*What is required*
From the records below, print only the part that opens with the line containing "Светлая, небольшая аудитория, обставленная" and closes with the line containing "Embark on a"; omit the pictures.

=-=-=-=-=

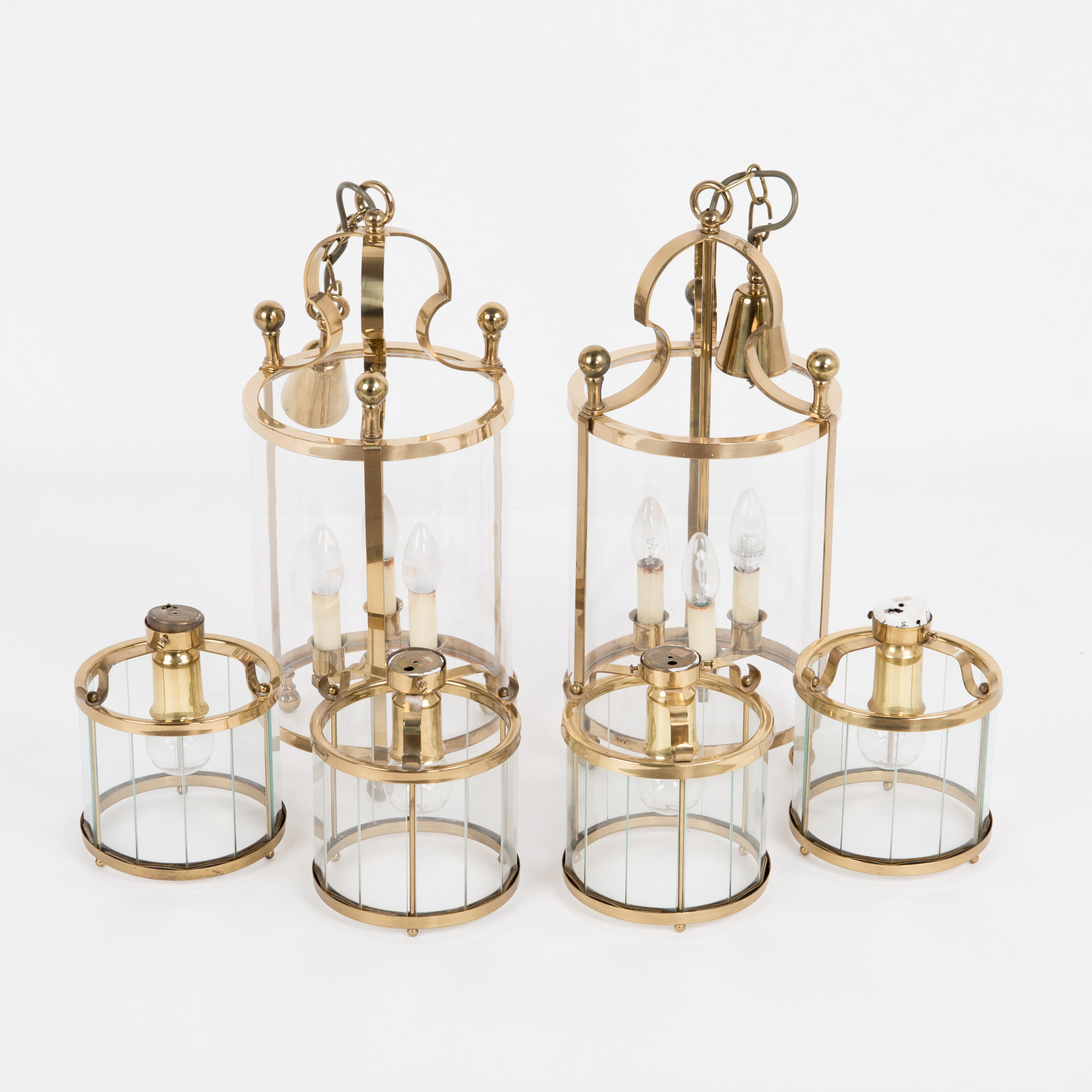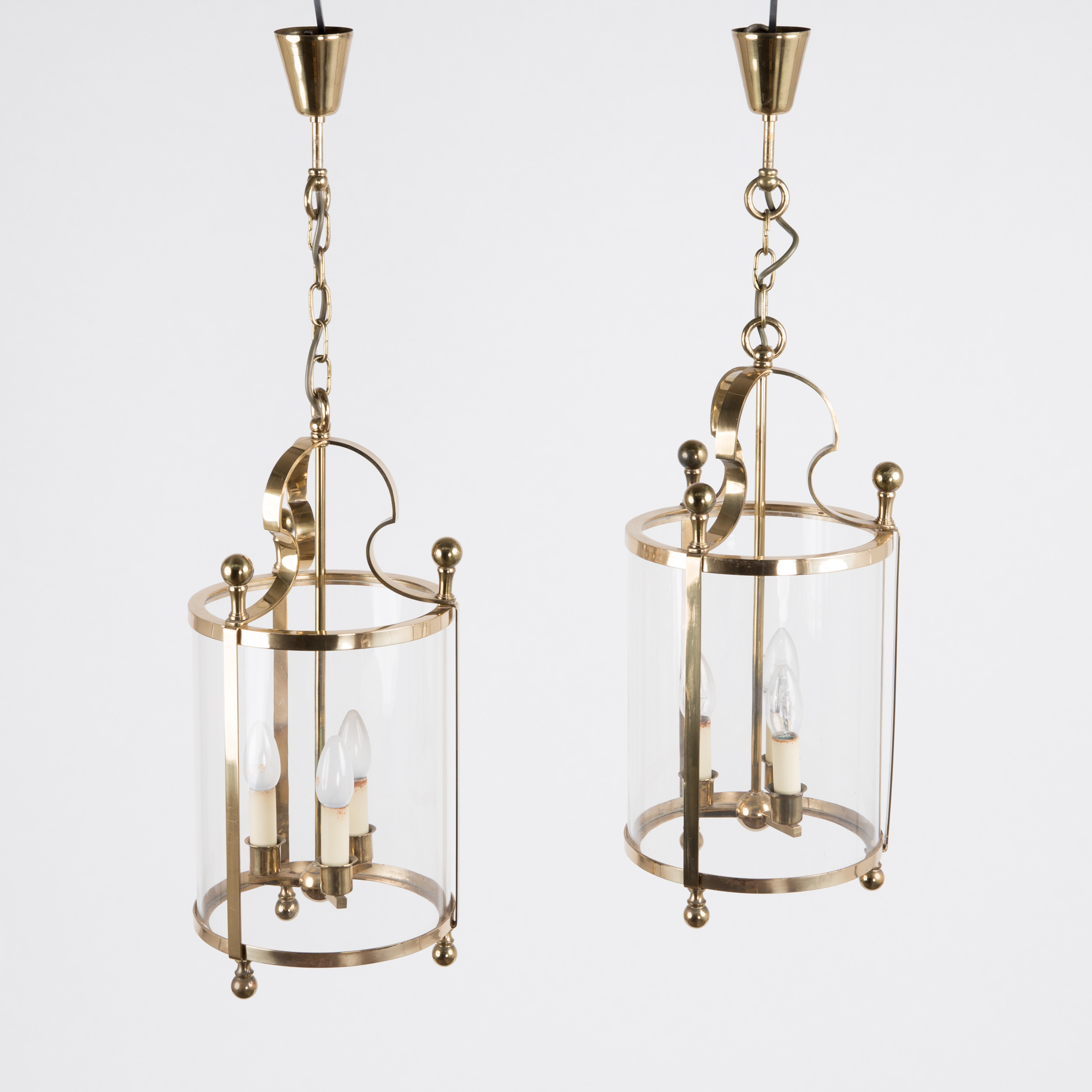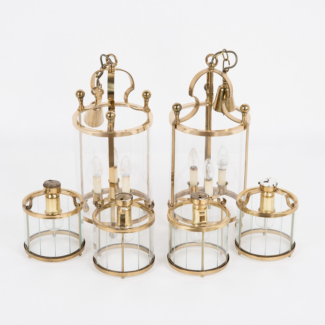 1875353. Sechs Deckenleuchten / Lampen, Messing, Glas (6).
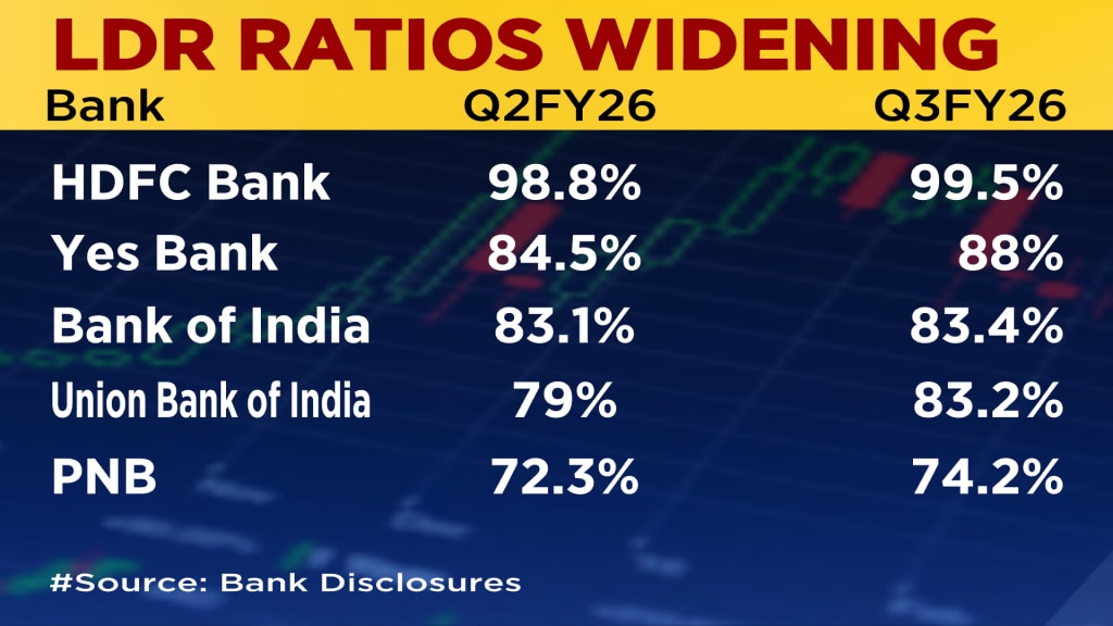 For example, HDFC Bank’s LDR rose to 99.5% in the October-December quarter of 2025 (Q3FY26). Despite reporting relatively strong business momentum, the stock has faced pressure due to investor concerns over such a high LDR. Similar trends have been observed across other private and public sector banks.
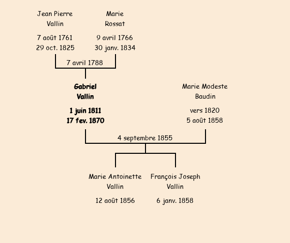 Père : Jean Pierre Vallin, fils de François | Parrain : Gabriel Vallin (frère du père de l'enfant, de Saint Jean de Maurienne) |
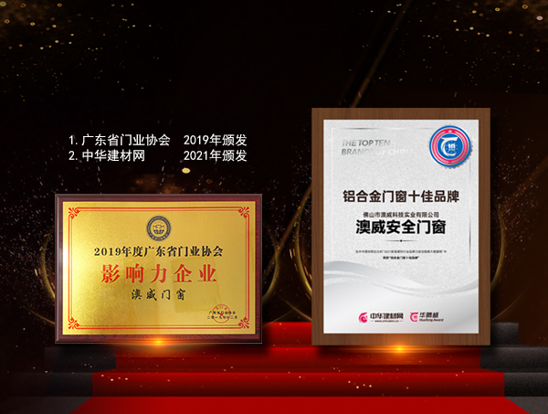 ① 中國商品質量名優(yōu)品牌推廣中心 2010年頒發(fā)《商品與質量》消費市場調查中心 2010年頒發(fā) ② 廣東省門業(yè)協會 2017年頒發(fā)
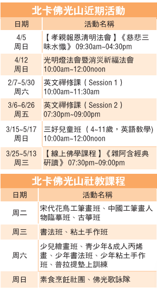 人间福报:*星云大师灵骨 12道场迎奉法灯远传 *【星云说喻】鸭子一条腿 *灯笼猜谜迎春意 亲子联欢暖人心 *北卡佛光山近期活动及社教课程
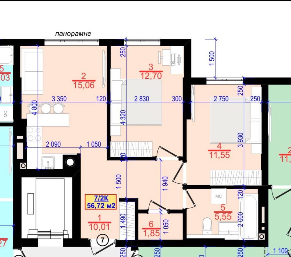 • Загальна площа 55 м2
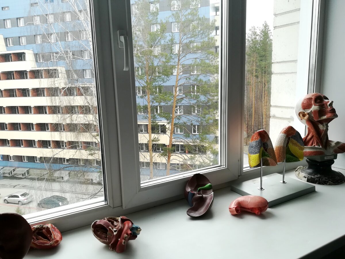 Светлая, небольшая аудитория, обставленная методическими пособиями - макетами органов, шкафы с пробирками и мензурками, два стола, похожие на хирургические – рабочая обстановка студентов медицинского факультета. На одном из столов лежит очень реалистично изготовленный прототип пациента. Небольшая группа студентов, как оказалось, знающая "в лицо" каждый орган, мышцу, вену, приступила к практическому занятию по анатомии. Уровень подготовки будущих врачей, студентов НГУ, приятно удивил. Посетив практическое занятие и сдачу «хвостов», я поняла, что доверить свою жизнь и здоровье врачу, получившему диплом этого уважаемого университета можно без всяких опасений. Выученные домашние задания студенты отвечают не у доски, а наглядно демонстрируют на макетах - частях человеческого тела, обработанных по особой технологии. Очень хорошая, хотя и слегка экстравагантная для обычного обывателя, практика. Вряд ли студент, прошедший такого рода подготовку, растеряется во время операции. Наблюдая за
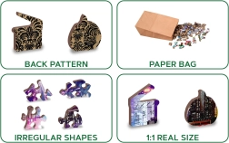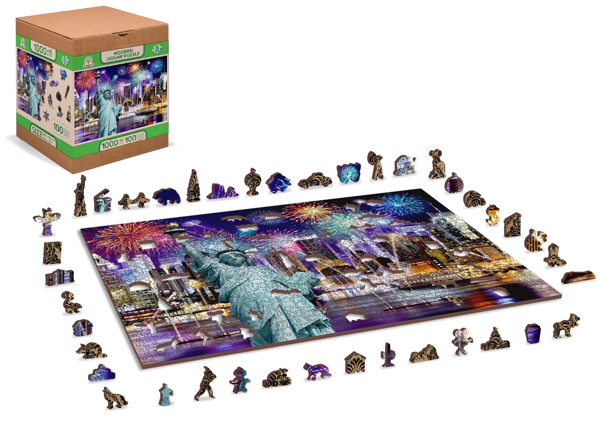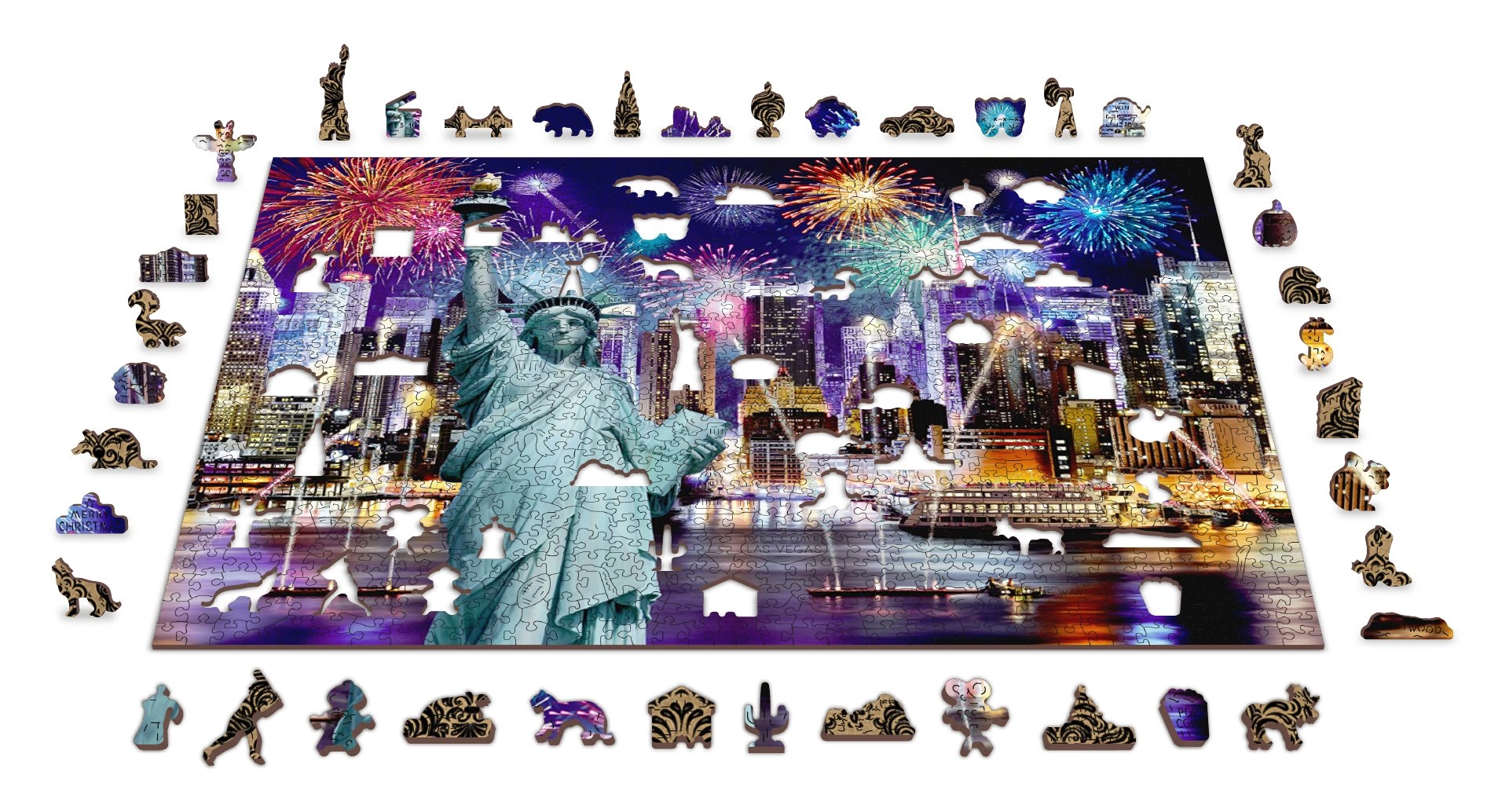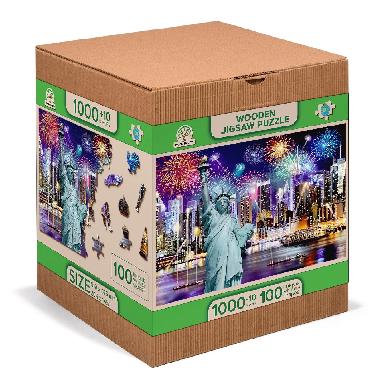 Embark on a journey to Night New York with our luxurious 2in1 wooden puzzle. Carefully cut from precise material, this puzzle offers uniquely shaped pieces that independently form animals, objects, or buildings while remaining environmentally friendly.
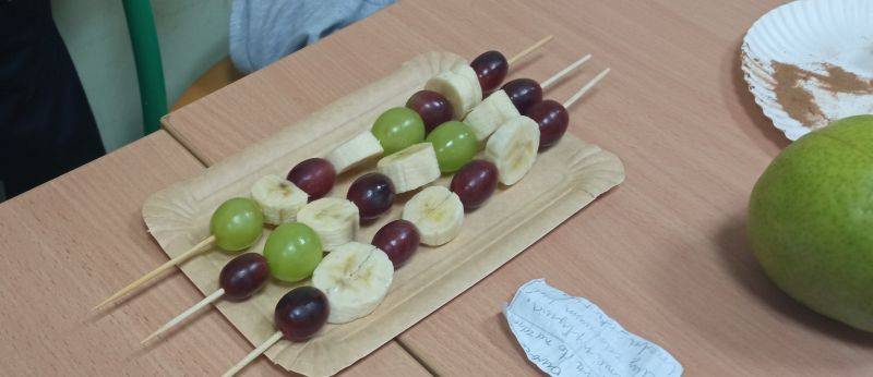 W ramach zajęć Pani Renata Ziemba przeprowadziła pogadankę na temat korzyści płynących ze spożywania owoców, warzyw, a także mleka i przetworów mlecznych.

=-=-=-=-=

*Reply to the task*
 Светлая, небольшая аудитория, обставленная методическими пособиями - макетами органов, шкафы с пробирками и мензурками, два стола, похожие на хирургические – рабочая обстановка студентов медицинского факультета. На одном из столов лежит очень реалистично изготовленный прототип пациента. Небольшая группа студентов, как оказалось, знающая "в лицо" каждый орган, мышцу, вену, приступила к практическому занятию по анатомии. Уровень подготовки будущих врачей, студентов НГУ, приятно удивил. Посетив практическое занятие и сдачу «хвостов», я поняла, что доверить свою жизнь и здоровье врачу, получившему диплом этого уважаемого университета можно без всяких опасений. Выученные домашние задания студенты отвечают не у доски, а наглядно демонстрируют на макетах - частях человеческого тела, обработанных по особой технологии. Очень хорошая, хотя и слегка экстравагантная для обычного обывателя, практика. Вряд ли студент, прошедший такого рода подготовку, растеряется во время операции. Наблюдая за
 Embark on a journey to Night New York with our luxurious 2in1 wooden puzzle. Carefully cut from precise material, this puzzle offers uniquely shaped pieces that independently form animals, objects, or buildings while remaining environmentally friendly.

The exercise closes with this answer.